Data listing
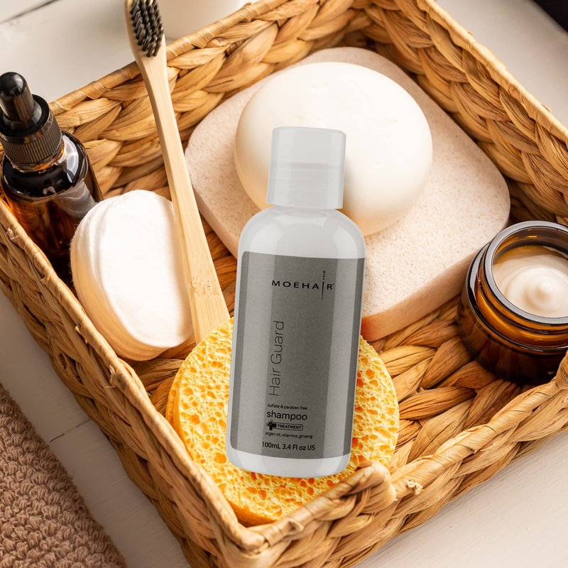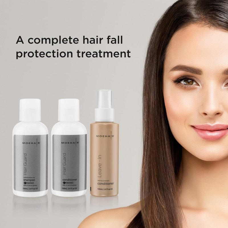 MOEHAIR Travel Trio Pack of Hair guard shampoo (3.4 FL), Hair Guard conditioner (3.4 FL) and leave-in conditioner (3.4FL) | Travel Size Moisturizing and Hydrating Hair Care Set
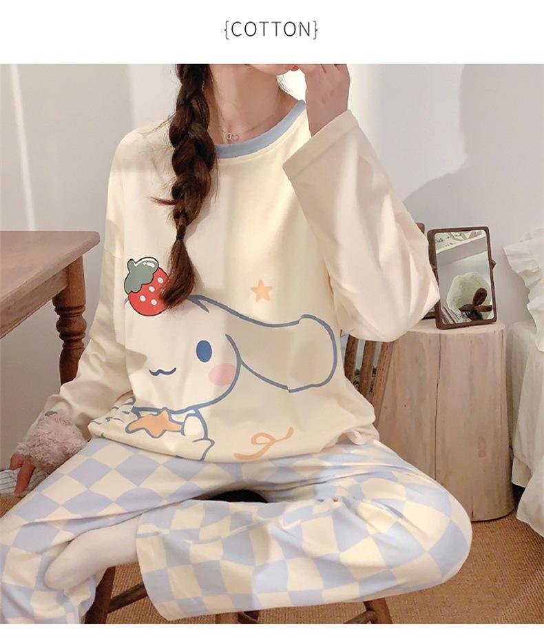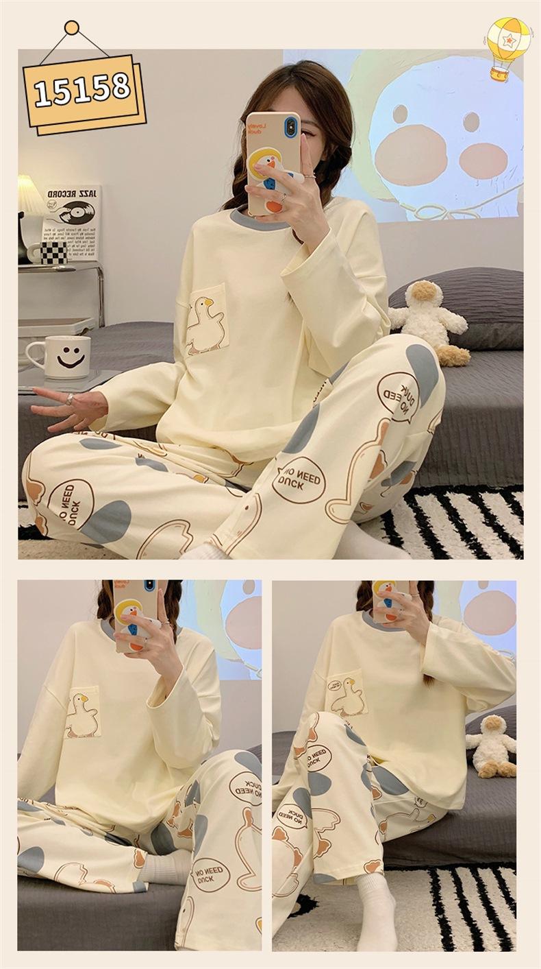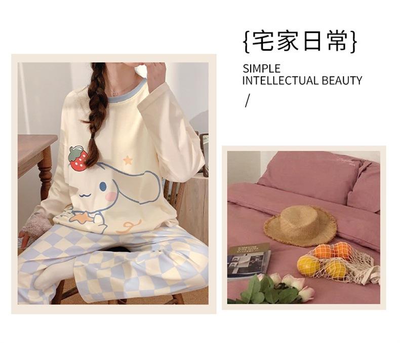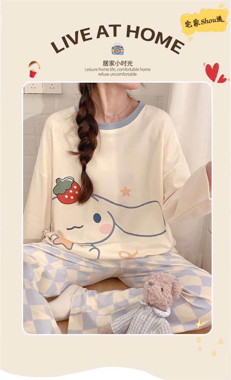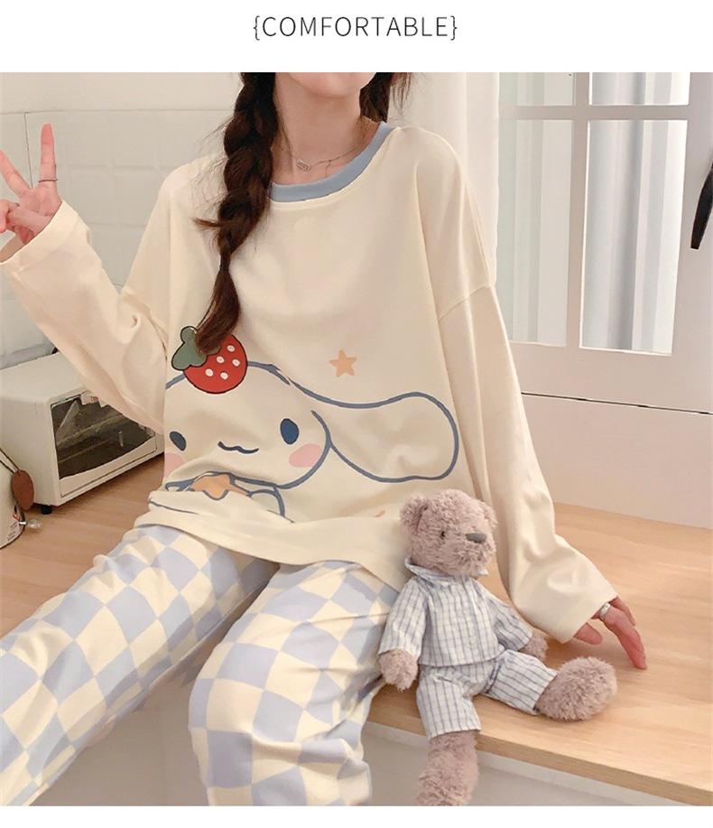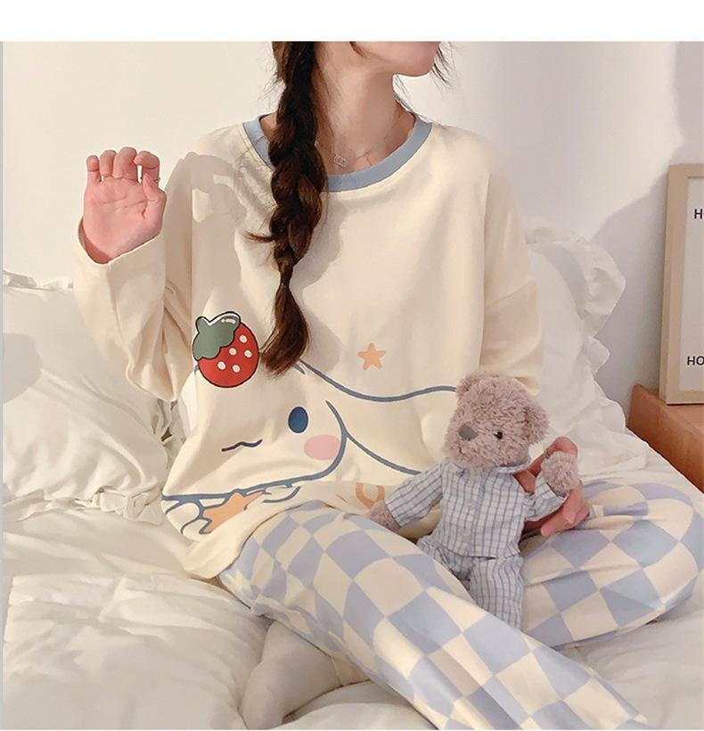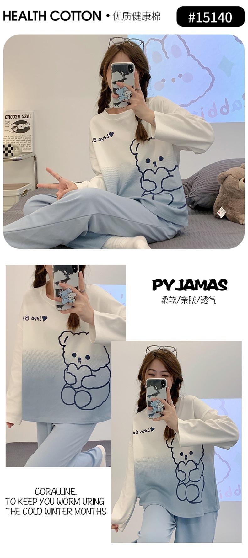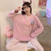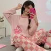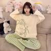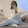 Color Sólido Venta al Por Mayor En Stock Otoño y Primavera Pijama Nuevo Mujer Algodón Dulce Dibujos Animados Jersey Manga Larga Pantalón Largo Ropa de Casa
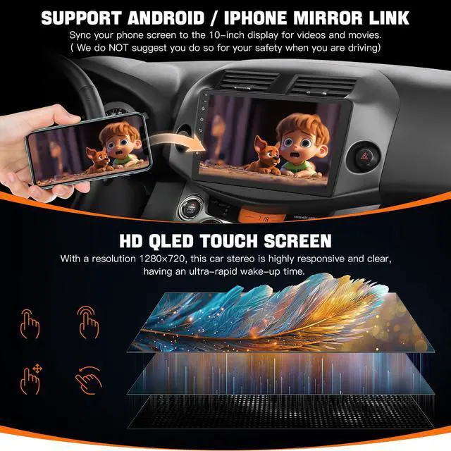 Perfect for sharing videos, navigation, and apps not yet supported by CarPlay or Android Autoall with a simple tap. ^^ Bluetooth & Voice Control Built for RAV4- Enjoy true hands-free freedom. This Toyota RAV4 Stereo lets you make calls, play music, and control features using clear voice commandsall while keeping your focus on the road. ^^ QLED Touch Screen& High-Resolution 1280x720- Upgrade your dashboard with a vibrant QLED touchscreen designed specifically for the RAV4 2007-2012. Enjoy ultra-sharp graphics, smooth touch response, and brilliant clarity that makes every drive more engaging.
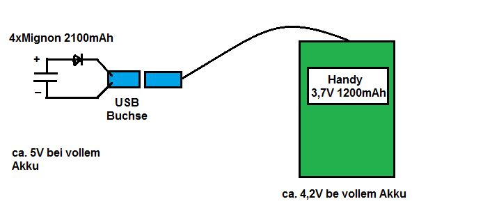 4 NiMH-Akkus haben unter Last eine Ausgangsspannung von 4,8V -> 4,0V mit Diode dann 4,1V -> 3,3V und damit für die meisten Handys zu wenig. Aus einen USB-Port am PC kommen ca. 5,3V - 5,1V auch mit 500mA Last. Also 5 NiMH Akkus + 1 Schottky-Diode => 5,7V -> 4,7V. Grüße Löti
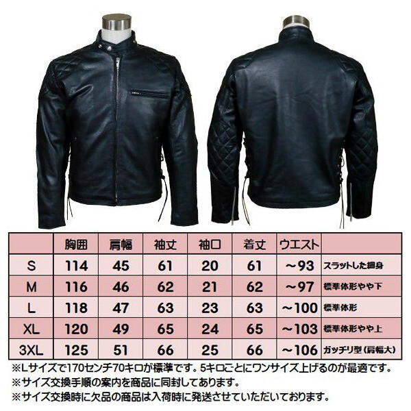 ※この価格で本牛革製、安価なスプリットレザー(半合皮)は使用して おりません。 ※長めのアームとアクションプリーツは前傾姿勢でも背中が出にくい実用的な造り、 さらに細部の仕様変更により、この価格帯では無かった高級感を出しております。 ※定番のアメリカンスタイル、大判のポケットで使い勝手良好。 ※チャックにはYKKジップ、安価でも抜かりはありません。。 ※安さのヒミツ・・・革製品は通常仕入れの2倍~5倍の利益があります。 ザワキタはコストダウン+利益ダウンで還元致します。 上記製品仕様に付きましては画像にてご確認ください。 |

What to work on
An exact copy of the records above is needed, with the pictures removed.

Exercise solution
 MOEHAIR Travel Trio Pack of Hair guard shampoo (3.4 FL), Hair Guard conditioner (3.4 FL) and leave-in conditioner (3.4FL) | Travel Size Moisturizing and Hydrating Hair Care Set
 Color Sólido Venta al Por Mayor En Stock Otoño y Primavera Pijama Nuevo Mujer Algodón Dulce Dibujos Animados Jersey Manga Larga Pantalón Largo Ropa de Casa
 Perfect for sharing videos, navigation, and apps not yet supported by CarPlay or Android Autoall with a simple tap. ^^ Bluetooth & Voice Control Built for RAV4- Enjoy true hands-free freedom. This Toyota RAV4 Stereo lets you make calls, play music, and control features using clear voice commandsall while keeping your focus on the road. ^^ QLED Touch Screen& High-Resolution 1280x720- Upgrade your dashboard with a vibrant QLED touchscreen designed specifically for the RAV4 2007-2012. Enjoy ultra-sharp graphics, smooth touch response, and brilliant clarity that makes every drive more engaging.
 4 NiMH-Akkus haben unter Last eine Ausgangsspannung von 4,8V -> 4,0V mit Diode dann 4,1V -> 3,3V und damit für die meisten Handys zu wenig. Aus einen USB-Port am PC kommen ca. 5,3V - 5,1V auch mit 500mA Last. Also 5 NiMH Akkus + 1 Schottky-Diode => 5,7V -> 4,7V. Grüße Löti
 ※この価格で本牛革製、安価なスプリットレザー(半合皮)は使用して おりません。 ※長めのアームとアクションプリーツは前傾姿勢でも背中が出にくい実用的な造り、 さらに細部の仕様変更により、この価格帯では無かった高級感を出しております。 ※定番のアメリカンスタイル、大判のポケットで使い勝手良好。 ※チャックにはYKKジップ、安価でも抜かりはありません。。 ※安さのヒミツ・・・革製品は通常仕入れの2倍~5倍の利益があります。 ザワキタはコストダウン+利益ダウンで還元致します。 上記製品仕様に付きましては画像にてご確認ください。 |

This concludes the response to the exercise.